# LED:Good or Bad



## s0mt1nf1shy (Mar 14, 2005)

I've searched the forum to know if LEDs will work for a planted tank and got different answers...some said it worked Great and some said it was useless. So which is it?


----------



## AaronT (Apr 26, 2004)

Using LEDs to grow plants is still a very new idea. There are a few complanies that make grow lights for terrestrial plants that work very well. The problem is that they are designed to work at a height of 18" or lower so a deep tank is out of the question to try these on.


----------



## Gomer (Feb 2, 2004)

Emperical evidence showign that they work well.
http://www.aquaticplantcentral.com/...ghting-via-luxeon-stars.html?highlight=luxeon

LEDs arent cost efficient now. However, Lumileds did come out with some new K2 LEDs that I am a bit excited to try.


----------



## s0mt1nf1shy (Mar 14, 2005)

Do normal LEDs work too or does it have to be Luxeon Stars or other LEDs designed for plant growth?


----------



## Gomer (Feb 2, 2004)

as long as spectral overlap and intesity are high enough, then you are fine. KNowing the answer to those questions takes a little leg work though.


----------



## TetraFreak (Mar 15, 2006)

Gomer said:


> as long as spectral overlap and intesity are high enough, then you are fine. KNowing the answer to those questions takes a little leg work though.


OH MY! #-o

That sounds like more confusing math & meaningless formulas & calculations!


----------



## kekon (Aug 1, 2005)

I don't think LED diodes would be a good choice. As I'm electronic designer I can simply say that nowadays LED diodes are mainly used as optic indicators rather than any kind of lighting. They have poor efficiency. If you wanted to use ordinary LED's as your tank lighting you would have to use dozens of LED's and it would end up in high energy consumption and low efficiency.


----------



## taekwondodo (Dec 14, 2005)

LEDs are very effective - you can get "VHO" quality (term used very loosely) LEDs on ebay.

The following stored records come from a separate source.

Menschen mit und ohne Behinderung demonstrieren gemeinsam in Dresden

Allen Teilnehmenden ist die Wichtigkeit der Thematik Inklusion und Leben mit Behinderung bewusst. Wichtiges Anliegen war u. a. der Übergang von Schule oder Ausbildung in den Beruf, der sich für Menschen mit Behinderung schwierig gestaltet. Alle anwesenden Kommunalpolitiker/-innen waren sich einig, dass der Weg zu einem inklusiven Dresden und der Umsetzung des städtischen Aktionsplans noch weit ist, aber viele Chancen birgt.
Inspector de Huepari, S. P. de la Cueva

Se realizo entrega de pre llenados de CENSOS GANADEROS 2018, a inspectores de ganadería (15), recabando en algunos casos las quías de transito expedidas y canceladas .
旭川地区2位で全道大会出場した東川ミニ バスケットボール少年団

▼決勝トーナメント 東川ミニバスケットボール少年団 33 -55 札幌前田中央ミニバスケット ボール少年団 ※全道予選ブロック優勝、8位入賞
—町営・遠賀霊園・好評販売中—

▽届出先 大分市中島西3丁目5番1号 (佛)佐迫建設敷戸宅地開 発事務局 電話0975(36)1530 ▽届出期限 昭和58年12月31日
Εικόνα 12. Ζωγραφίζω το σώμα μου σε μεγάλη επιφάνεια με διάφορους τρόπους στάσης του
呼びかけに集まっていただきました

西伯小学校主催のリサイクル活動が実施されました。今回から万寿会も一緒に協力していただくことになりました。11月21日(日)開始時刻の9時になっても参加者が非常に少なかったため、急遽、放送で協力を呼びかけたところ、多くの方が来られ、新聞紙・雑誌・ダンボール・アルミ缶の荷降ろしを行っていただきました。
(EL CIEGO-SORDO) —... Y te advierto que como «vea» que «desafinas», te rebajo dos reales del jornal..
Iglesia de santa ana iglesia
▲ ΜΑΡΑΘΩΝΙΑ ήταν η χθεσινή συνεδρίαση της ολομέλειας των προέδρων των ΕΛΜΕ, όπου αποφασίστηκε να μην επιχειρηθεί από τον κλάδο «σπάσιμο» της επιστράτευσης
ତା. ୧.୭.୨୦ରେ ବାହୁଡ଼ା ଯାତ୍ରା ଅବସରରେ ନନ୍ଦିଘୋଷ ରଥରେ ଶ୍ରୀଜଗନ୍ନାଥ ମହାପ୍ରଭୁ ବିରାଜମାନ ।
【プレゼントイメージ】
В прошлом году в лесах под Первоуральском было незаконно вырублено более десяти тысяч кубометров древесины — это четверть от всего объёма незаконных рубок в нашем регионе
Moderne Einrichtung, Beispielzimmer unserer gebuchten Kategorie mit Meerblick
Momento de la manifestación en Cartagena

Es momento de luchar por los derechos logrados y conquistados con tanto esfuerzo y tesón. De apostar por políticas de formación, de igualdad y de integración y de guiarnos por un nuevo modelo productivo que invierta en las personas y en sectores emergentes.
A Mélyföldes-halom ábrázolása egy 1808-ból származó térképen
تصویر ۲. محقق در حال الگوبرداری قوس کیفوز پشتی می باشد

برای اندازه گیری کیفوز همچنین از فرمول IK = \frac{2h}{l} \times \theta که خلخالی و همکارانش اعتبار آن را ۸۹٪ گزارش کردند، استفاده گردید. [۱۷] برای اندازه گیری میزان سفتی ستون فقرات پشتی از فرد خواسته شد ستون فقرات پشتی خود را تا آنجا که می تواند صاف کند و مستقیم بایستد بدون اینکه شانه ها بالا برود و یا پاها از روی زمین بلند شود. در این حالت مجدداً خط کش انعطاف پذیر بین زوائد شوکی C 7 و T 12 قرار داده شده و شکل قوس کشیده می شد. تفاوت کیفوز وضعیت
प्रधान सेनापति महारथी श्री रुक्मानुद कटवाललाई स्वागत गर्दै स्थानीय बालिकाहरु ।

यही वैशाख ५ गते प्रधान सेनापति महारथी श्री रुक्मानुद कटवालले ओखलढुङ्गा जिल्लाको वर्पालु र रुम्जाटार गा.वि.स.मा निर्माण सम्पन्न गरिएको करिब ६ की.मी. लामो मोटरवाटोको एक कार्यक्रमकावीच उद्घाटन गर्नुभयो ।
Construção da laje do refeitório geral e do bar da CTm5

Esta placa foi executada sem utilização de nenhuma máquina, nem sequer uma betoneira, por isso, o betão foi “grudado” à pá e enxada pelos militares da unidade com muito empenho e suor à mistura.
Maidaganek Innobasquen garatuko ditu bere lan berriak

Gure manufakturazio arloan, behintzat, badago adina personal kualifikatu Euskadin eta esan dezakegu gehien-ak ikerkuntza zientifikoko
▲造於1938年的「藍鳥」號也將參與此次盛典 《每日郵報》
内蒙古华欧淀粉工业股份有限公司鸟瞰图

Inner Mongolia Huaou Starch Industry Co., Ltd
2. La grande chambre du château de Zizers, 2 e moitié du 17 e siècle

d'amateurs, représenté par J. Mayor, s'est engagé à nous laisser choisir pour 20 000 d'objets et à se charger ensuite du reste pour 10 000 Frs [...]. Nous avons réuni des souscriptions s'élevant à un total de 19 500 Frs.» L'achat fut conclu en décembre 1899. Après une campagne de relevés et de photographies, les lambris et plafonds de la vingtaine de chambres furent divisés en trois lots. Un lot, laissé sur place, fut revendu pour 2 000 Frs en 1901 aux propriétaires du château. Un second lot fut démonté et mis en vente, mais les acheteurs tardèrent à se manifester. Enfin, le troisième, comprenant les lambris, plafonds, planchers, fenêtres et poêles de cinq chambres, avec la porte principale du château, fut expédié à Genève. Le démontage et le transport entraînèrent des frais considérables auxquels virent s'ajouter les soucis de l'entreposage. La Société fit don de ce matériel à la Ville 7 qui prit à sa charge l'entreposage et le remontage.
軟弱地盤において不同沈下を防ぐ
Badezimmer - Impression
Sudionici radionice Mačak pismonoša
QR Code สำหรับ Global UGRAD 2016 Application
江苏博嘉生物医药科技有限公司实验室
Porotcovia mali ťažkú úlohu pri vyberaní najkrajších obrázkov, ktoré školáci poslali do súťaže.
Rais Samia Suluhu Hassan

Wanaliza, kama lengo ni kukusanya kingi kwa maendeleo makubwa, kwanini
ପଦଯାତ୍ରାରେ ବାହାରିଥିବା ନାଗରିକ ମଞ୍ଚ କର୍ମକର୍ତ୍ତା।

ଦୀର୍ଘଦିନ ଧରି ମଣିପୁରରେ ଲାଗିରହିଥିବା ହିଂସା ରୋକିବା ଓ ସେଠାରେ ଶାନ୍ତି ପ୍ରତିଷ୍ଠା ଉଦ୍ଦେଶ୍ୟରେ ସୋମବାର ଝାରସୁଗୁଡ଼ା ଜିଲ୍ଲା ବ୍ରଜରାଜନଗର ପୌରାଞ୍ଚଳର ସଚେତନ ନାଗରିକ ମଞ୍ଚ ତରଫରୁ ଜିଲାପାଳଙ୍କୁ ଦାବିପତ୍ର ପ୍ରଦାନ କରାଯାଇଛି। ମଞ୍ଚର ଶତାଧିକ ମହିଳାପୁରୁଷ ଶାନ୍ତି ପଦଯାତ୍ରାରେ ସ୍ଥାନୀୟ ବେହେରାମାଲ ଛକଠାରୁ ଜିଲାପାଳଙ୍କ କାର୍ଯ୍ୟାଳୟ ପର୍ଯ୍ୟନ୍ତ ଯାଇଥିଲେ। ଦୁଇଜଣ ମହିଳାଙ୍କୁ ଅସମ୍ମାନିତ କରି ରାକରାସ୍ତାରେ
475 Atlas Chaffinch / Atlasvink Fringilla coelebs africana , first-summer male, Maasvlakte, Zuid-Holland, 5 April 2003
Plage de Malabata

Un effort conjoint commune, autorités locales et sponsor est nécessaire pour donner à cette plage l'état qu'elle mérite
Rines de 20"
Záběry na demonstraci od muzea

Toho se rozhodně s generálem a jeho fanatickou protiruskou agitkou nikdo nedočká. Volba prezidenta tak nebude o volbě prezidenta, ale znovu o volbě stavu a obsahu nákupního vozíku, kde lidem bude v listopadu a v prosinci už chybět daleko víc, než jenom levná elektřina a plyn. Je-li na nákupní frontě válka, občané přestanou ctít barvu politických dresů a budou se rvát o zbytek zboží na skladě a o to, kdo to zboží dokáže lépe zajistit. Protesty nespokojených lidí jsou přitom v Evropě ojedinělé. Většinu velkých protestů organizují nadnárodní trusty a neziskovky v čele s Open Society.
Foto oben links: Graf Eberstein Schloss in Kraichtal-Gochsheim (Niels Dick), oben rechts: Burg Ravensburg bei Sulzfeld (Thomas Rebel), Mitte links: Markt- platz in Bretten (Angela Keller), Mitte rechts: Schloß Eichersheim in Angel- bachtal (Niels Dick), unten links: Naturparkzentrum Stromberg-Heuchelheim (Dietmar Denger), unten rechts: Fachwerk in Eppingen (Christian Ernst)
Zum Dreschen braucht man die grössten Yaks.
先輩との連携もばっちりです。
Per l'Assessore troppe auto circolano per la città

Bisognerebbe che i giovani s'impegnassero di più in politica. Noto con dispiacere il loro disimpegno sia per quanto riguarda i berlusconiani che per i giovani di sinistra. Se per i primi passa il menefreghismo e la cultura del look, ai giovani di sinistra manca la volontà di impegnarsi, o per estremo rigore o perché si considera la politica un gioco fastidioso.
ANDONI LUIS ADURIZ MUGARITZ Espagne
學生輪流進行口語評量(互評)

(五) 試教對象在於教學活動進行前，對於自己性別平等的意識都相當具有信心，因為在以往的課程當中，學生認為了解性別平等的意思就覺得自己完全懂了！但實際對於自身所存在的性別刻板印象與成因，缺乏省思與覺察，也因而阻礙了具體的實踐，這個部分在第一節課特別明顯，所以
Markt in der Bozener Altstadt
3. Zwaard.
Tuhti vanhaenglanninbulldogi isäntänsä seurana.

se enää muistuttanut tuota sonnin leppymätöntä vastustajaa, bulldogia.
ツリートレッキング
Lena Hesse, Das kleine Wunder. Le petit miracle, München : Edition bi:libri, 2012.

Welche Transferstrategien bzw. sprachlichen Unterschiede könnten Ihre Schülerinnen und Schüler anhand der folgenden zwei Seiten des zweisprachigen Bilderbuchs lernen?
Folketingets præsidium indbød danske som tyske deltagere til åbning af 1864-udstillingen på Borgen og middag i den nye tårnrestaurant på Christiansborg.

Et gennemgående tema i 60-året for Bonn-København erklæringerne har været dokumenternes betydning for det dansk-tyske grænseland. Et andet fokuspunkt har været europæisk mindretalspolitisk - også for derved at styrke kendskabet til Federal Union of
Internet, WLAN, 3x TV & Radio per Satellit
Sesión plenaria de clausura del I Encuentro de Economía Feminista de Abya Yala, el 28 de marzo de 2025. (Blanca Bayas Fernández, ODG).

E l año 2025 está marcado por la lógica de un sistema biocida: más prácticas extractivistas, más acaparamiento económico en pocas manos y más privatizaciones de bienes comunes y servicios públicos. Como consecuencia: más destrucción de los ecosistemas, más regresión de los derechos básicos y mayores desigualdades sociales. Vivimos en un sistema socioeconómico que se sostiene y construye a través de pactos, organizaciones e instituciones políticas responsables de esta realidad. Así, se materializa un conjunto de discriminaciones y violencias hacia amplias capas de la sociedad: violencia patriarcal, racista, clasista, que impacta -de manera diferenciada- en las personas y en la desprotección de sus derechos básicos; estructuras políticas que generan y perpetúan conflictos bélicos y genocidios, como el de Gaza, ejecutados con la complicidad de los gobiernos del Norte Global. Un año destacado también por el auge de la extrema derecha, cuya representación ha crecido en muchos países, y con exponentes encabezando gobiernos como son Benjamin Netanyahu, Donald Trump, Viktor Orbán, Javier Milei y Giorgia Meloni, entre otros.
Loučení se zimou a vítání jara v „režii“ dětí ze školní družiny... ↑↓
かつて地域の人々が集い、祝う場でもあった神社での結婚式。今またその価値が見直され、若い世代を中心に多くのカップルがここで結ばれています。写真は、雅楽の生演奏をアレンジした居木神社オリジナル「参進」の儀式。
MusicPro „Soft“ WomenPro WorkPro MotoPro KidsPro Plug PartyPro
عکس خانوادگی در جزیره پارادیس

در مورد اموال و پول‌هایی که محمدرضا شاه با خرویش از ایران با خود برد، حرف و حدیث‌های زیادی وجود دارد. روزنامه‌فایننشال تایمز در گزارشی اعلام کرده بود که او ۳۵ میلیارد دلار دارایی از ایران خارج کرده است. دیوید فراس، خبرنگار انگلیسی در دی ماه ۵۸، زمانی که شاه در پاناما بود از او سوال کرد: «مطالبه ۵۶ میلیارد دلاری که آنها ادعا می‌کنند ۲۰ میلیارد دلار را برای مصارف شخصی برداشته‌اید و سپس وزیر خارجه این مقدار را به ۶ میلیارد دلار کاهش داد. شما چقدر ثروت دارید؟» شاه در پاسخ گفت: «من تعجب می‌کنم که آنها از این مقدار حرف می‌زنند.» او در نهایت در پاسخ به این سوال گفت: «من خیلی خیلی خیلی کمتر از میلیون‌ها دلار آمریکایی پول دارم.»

I had ~100 of them over my 5G for a while and they worked OK. They used less than 2W of power. I'm sure if I would have upped the power I would have been more pleased. I believe however I needed at least double, and didn't have time (or money, "VHO" LEDs are still quite expensive) to build another one (yet) so I switched to 2x13W PCs. 

I think they are much more efficient, but not quite "there" yet...


----------



## kekon (Aug 1, 2005)

I was thinking about ordinary LED's used in electronic equipment such as TV, radio, etc.


----------